Add CI Architecture overview

Describe what the high level view of the
CI components is and how they interact with
each other.
parent 17872da7
...@@ -2,6 +2,81 @@ ...@@ -2,6 +2,81 @@
Development guides that are specific to CI/CD are listed here. Development guides that are specific to CI/CD are listed here.
## CI Architecture overview
The following is a simplified diagram of the CI architecture. Some details are left out in order to focus on
the main components.
![CI software architecture](img/ci_architecture.png)
<!-- Editable diagram available at https://app.diagrams.net/#G1LFl-KW4fgpBPzz8VIH9rsOlAH4t0xwKj -->
On the left side we have the events that can trigger a pipeline based on various events (trigged by a user or automation):
- A `git push` is the most common event that triggers a pipeline.

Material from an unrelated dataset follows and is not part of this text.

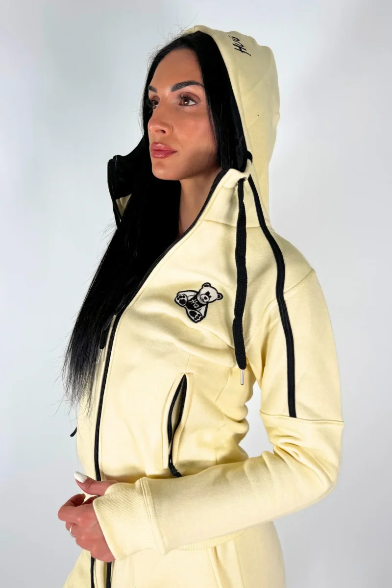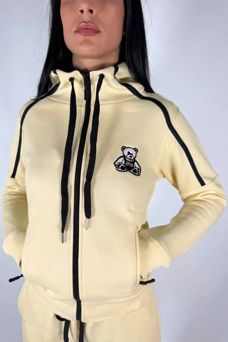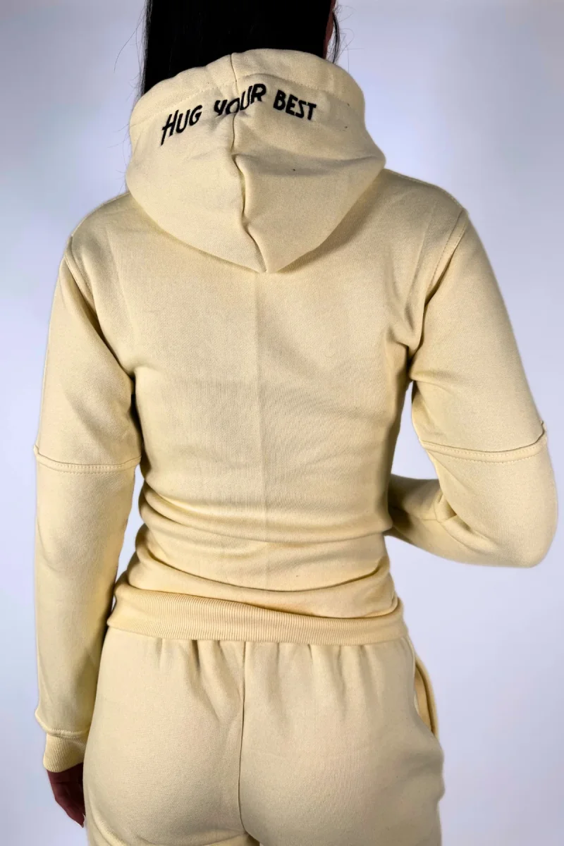 • Logo โ€œorsettoโ€ fronte e logo โ€œHug Your Bestโ€ nel cappuccio ricamati;

- The [Web API](../../api/pipelines.md#create-a-new-pipeline).
- A user clicking the "Run Pipeline" button in the UI.
- When a [merge request is created or updated](../../ci/merge_request_pipelines/index.md#pipelines-for-merge-requests).
- When an MR is added to a [Merge Train](../../ci/merge_request_pipelines/pipelines_for_merged_results/merge_trains/index.md#merge-trains-premium).
- A [scheduled pipeline](../../ci/pipelines/schedules.md#pipeline-schedules).
- When project is [subscribed to an upstream project](../../ci/multi_project_pipelines.md#trigger-a-pipeline-when-an-upstream-project-is-rebuilt).
- When [Auto DevOps](../../topics/autodevops/index.md) is enabled.
- When GitHub integration is used with [external pull requests](../../ci/ci_cd_for_external_repos/index.md#pipelines-for-external-pull-requests).
- When an upstream pipeline contains a [bridge job](../../ci/yaml/README.md#trigger) which triggers a downstream pipeline.
Triggering any of these events will invoke the [`CreatePipelineService`](https://gitlab.com/gitlab-org/gitlab/-/blob/master/app/services/ci/create_pipeline_service.rb)
which takes as input event data and the user triggering it, then will attempt to create a pipeline.
The `CreatePipelineService` relies heavily on the [`YAML Processor`](https://gitlab.com/gitlab-org/gitlab/-/blob/master/lib/gitlab/ci/yaml_processor.rb)
component, which is responsible for taking in a YAML blob as input and returns the abstract data structure of a
pipeline (including stages and all jobs). This component also validates the structure of the YAML while
processing it, and returns any syntax or semantic errors. The `YAML Processor` component is where we define
[all the keywords](../../ci/yaml/README.md) available to structure a pipeline.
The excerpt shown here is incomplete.